**Provided records:**
————

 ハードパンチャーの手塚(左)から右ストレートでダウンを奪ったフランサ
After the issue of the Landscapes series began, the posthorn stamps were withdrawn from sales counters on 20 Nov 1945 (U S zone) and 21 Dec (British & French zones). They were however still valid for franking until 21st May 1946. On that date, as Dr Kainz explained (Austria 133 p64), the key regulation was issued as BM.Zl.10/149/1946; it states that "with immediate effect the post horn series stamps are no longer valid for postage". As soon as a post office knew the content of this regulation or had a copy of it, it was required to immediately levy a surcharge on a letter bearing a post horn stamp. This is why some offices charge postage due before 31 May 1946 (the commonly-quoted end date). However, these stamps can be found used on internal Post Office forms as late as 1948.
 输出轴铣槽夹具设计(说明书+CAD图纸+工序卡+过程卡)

————

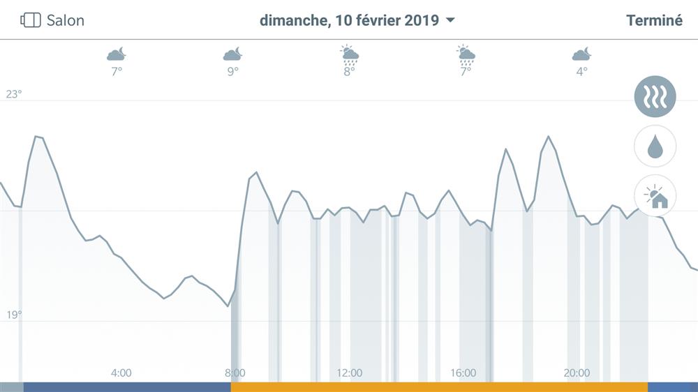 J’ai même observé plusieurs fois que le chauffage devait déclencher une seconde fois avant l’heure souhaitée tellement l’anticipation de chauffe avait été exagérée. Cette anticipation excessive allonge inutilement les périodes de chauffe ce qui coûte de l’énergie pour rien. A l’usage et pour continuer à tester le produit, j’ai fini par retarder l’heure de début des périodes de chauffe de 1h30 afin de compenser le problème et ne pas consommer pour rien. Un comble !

————

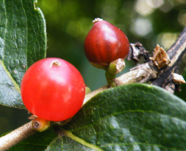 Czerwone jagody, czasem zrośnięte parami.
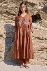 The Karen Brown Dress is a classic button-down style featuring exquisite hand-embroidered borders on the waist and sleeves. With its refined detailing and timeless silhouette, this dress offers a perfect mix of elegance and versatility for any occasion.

————

**Task goal:**
The reply should consist solely of the lines above from the one that has "ハードパンチャーの手塚(左)から右ストレートでダウンを奪ったフランサ" through the one that has "输出轴铣槽夹具设计(说明书+CAD图纸+工序卡+过程卡)", reproduced exactly.

**Written answer:**
 ハードパンチャーの手塚(左)から右ストレートでダウンを奪ったフランサ
After the issue of the Landscapes series began, the posthorn stamps were withdrawn from sales counters on 20 Nov 1945 (U S zone) and 21 Dec (British & French zones). They were however still valid for franking until 21st May 1946. On that date, as Dr Kainz explained (Austria 133 p64), the key regulation was issued as BM.Zl.10/149/1946; it states that "with immediate effect the post horn series stamps are no longer valid for postage". As soon as a post office knew the content of this regulation or had a copy of it, it was required to immediately levy a surcharge on a letter bearing a post horn stamp. This is why some offices charge postage due before 31 May 1946 (the commonly-quoted end date). However, these stamps can be found used on internal Post Office forms as late as 1948.
 输出轴铣槽夹具设计(说明书+CAD图纸+工序卡+过程卡)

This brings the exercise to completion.